Microsoft has Connected the Holy Ghost Ransomware Operation to North Korean Hackers

Microsoft has Connected the Holy Ghost Ransomware Operation to North Korean Hackers

North Korean hackers have been operating HolyGhost, a ransomware operation that targets small businesses worldwide, for more than a year.

Even while the operation followed the same recipe—double extortion mixed with a leak site to expose the names of the victims and stolen data—the group, which has been active for a while, has not been able to achieve the notoriety and financial success of other gangs.

Attacks made on occasion and minimal demands

The Holy Ghost ransomware group is being tracked by researchers at Microsoft Threat Intelligence Center (MSTIC) as DEV-0530. According to a report published earlier today, the threat actor’s initial payload was observed in June of last year.

The early SiennaPurple (BTLC C.exe)-classified Holy Ghost ransomware strain has less features than the later Go-based versions, which first appeared in October 2021.

The more recent versions—HolyRS.exe, HolyLocker.exe, and BTLC.exe—are tracked by Microsoft as SiennaBlue, and the company adds that their functionality has grown over time to include numerous encryption methods, string obfuscation, public key management, and internet/intranet capabilities.

According to the researchers, DEV-0530 was successful in breaching a number of targets, primarily small-to-midsize organizations. Banks, schools, manufacturing companies, and event and meeting organizing firms were among the casualties.

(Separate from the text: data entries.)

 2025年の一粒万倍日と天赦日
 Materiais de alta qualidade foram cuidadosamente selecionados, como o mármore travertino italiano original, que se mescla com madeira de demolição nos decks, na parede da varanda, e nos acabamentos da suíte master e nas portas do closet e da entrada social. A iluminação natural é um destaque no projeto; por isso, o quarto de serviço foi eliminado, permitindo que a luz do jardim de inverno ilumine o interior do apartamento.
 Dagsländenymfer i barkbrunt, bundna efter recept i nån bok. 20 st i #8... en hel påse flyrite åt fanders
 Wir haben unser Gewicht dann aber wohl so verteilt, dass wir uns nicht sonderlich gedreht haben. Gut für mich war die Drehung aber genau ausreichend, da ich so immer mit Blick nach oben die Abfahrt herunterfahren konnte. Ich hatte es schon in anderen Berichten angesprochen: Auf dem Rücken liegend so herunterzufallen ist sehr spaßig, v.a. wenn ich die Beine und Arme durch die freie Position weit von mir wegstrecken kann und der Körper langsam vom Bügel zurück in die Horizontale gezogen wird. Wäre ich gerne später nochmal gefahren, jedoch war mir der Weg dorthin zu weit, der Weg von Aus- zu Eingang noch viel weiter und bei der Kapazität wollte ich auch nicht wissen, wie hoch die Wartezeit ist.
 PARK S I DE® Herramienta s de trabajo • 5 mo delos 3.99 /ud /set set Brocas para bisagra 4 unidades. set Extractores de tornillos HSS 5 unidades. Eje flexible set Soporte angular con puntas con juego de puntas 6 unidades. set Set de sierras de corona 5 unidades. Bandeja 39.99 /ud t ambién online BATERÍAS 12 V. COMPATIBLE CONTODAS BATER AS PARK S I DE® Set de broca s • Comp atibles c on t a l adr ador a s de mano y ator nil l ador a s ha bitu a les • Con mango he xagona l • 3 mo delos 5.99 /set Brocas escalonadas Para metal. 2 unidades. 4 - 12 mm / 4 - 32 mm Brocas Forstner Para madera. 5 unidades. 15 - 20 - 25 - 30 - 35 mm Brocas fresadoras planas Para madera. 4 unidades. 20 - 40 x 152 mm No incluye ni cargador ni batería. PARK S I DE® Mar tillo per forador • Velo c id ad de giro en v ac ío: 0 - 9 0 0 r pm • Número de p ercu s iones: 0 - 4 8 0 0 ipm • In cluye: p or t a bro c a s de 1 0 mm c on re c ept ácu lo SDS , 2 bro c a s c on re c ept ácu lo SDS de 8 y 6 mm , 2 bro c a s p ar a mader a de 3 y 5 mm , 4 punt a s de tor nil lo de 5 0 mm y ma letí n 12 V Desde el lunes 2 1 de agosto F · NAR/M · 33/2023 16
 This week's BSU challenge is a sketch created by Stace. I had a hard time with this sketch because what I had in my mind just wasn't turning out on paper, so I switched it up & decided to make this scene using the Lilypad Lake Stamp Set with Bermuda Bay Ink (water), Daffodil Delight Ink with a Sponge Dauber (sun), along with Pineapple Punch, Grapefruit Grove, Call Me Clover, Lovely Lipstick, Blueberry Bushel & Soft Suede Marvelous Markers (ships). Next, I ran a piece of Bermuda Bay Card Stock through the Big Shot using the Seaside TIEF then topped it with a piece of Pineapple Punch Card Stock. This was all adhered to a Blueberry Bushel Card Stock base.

According to victimology, these victims are almost certainly targets of opportunity. In order to acquire initial access into target networks, MSTIC speculates that DEV-0530 may have taken advantage of vulnerabilities like CVE-2022-26352 (DotCMS remote code execution vulnerability) on publicly accessible web applications and content management systems. Threat Intelligence Center for Microsoft

As in a normal ransomware attack, Holy Ghost actors first grabbed data from compromised systems before encrypting them.

The hacker informed the victim via email and a link to a sample of the stolen material that they were willing to negotiate a ransom in exchange for the decryption key. The attacker also placed a ransom note on the infected computer.

The actors often asked for a modest payment of between 1.2 and 5 bitcoins, or up to around $100,000 at the current exchange rate.

Even if the demands were modest, the assailant was open to discussion and occasionally dropped the amount to less than a third of the original demand, according to MSTIC.

North Korea connection

This fact, along with the rarity of the attacks and the victims’ random selection, supports the idea that the Holy Ghost ransomware operation may not be under the supervision of the North Korean government.

Instead, it’s possible that hackers working for the Pyongyang dictatorship are carrying out this activity on their own, for financial gain.

However, MSTIC discovered correspondence between Holy Ghost email accounts and the Andariel, a threat actor working for the Lazarus Group under the North Korean Reconnaissance General Bureau. This indicates that there is still a relationship with state-backed hacker organizations.

The fact that both were “working from the same infrastructure set, and even utilizing custom malware controllers with similar names,” the researchers claim, strengthens the connection between the two groups.

assuming to be benevolent

Holy Ghost’s website is now unavailable, but the attacker took advantage of the limited visibility it had to pretend to be a trustworthy organization looking to assist victims in strengthening their security.

Additionally, they claim that their actions are motivated by a desire to “narrow the wealth gap” and “assist the impoverished and starving people.”

Holy Ghost promises victims that if they are paid, unlike other ransomware operators, they will not sell or release the stolen data.

In addition to several symptoms of compromise found when examining the virus, Microsoft’s report contains a list of suggestions for preventing infections with Holy Ghost payloads.